Skip the pictures. Transcribe the rest of the data below without changing a word.
╭─ Data shown
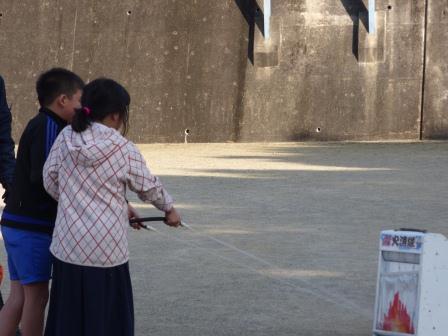 高学年の代表児童や職員が、実際に消化器を使って消火活動を行ったり、煙体験、消防車見学と、とても貴重な体験をさせていただきました!
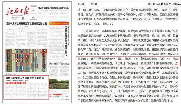 5月15日,《江西日版》头版发布文章《肩负起为党育人为国育才的光荣使命》,展现全省高校以主题教育凝聚起高质量发展之力的生动局面,beat365“从‘六位一体’保障体系出发,明确重点调研选题,推动建设‘融合融通、价值显著’的新型高等学校”的举措被关注。
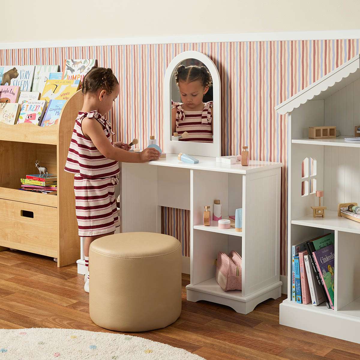 Coordinate with our Mini Moo Stool, which fits neatly under the vanity. This stool is the ideal height for little ones to sit comfortably while playing, adding convenience and style to their play area.
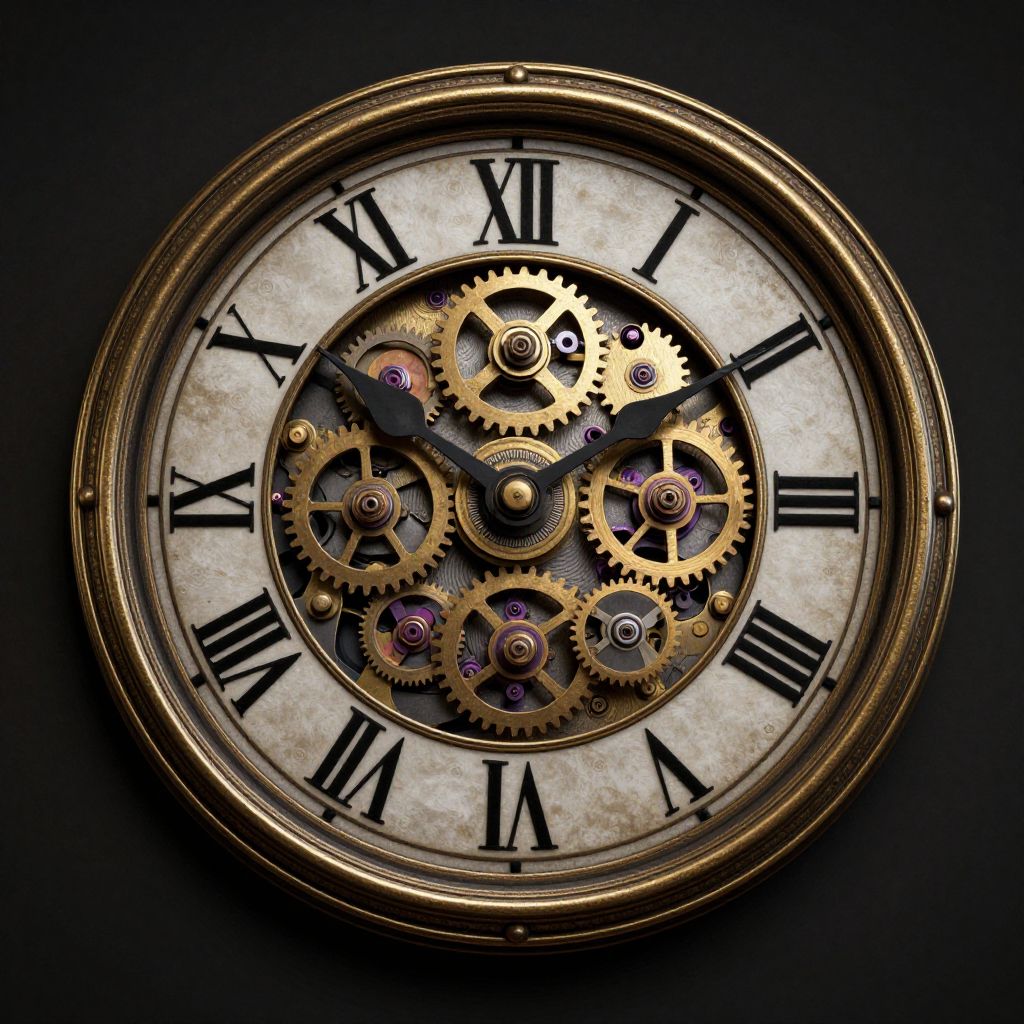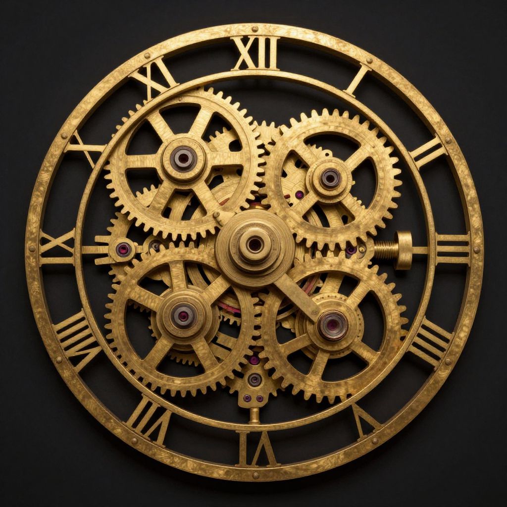 Elegant clockwork birds soar gracefully in intricate geometric patterns, their golden gears and mechanical bodies shimmering against a soft, neutral backdrop as they migrate in harmonious unison.
╰─
→ Answer to this problem:
 高学年の代表児童や職員が、実際に消化器を使って消火活動を行ったり、煙体験、消防車見学と、とても貴重な体験をさせていただきました!
 5月15日,《江西日版》头版发布文章《肩负起为党育人为国育才的光荣使命》,展现全省高校以主题教育凝聚起高质量发展之力的生动局面,beat365“从‘六位一体’保障体系出发,明确重点调研选题,推动建设‘融合融通、价值显著’的新型高等学校”的举措被关注。
 Coordinate with our Mini Moo Stool, which fits neatly under the vanity. This stool is the ideal height for little ones to sit comfortably while playing, adding convenience and style to their play area.
 Elegant clockwork birds soar gracefully in intricate geometric patterns, their golden gears and mechanical bodies shimmering against a soft, neutral backdrop as they migrate in harmonious unison.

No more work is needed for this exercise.